Let $E,F$ be topological vector spaces, where the topology on $E$ is induced by a metric $d$. Let $\phi:E\to F$ be a continuous, open, surjective map. For any two closed subsets $A,B\subseteq F$ define $$D(A,B):=\inf_{a\in E: \phi(a)=A} d(a,\phi^{-1}(B)).$$ If $D(A,B)=0$, then there must be some $a\in \phi^{-1}(A)\cap \phi^{-1}(B)$. This would come down to finding $a\in E$ such that $\phi(a)\in A$ and $\exists b_n\in E, \phi(b_n)\in B$ with $b_n\to a$ (since $\phi$ is continuous and $B$ is closed).
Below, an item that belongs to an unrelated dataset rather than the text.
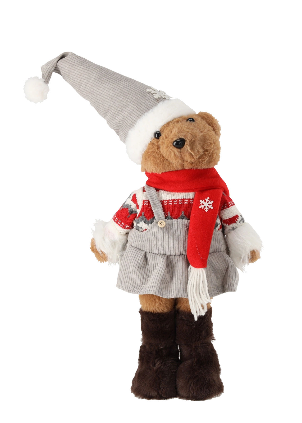 A cute 50 cm Christmas teddy bear brings a warm and cozy atmosphere to your home. Available in two versions – boy or girl – it’s ideal as a stylish Christmas decoration for a sideboard, table, or under the tree. Thanks to the soft, pleasant material and carefully crafted winter outfits, it will become a favorite ornament and a lovely gift.

Of course, we could switch the roles of $A$ and $B$.
If $D(A,B)=0$, then $\forall n\exists a_n\in E, \phi(a_n)\in A: d(a_n,\phi^{-1}(B))<1/n$. The candidate $a\in E$ would have to be the limit of $(a_n)_n$, but are we even sure this limit exists?
How can I prove the existence of such an $a$?
This is not true (if I understood your claim correctly). Take $E=F=\mathbb R^2$ and $\phi=id$, and define $$ A=\{(x,y): \ xy=1\}, B=\{(x,y): \ xy=0\}. $$ Then $D(A,B)=0$ but $A\cap B=\emptyset$.
The problem in your attempt is: $d(a_n,B)<1/n$ implies existence of $b_n\in B$ such that $d(a_n,b_n)<1/n$. But neither of the sequences $(a_n)$ or $(b_n)$ needs to be convergent. Here, compactness of one of the sets is needed.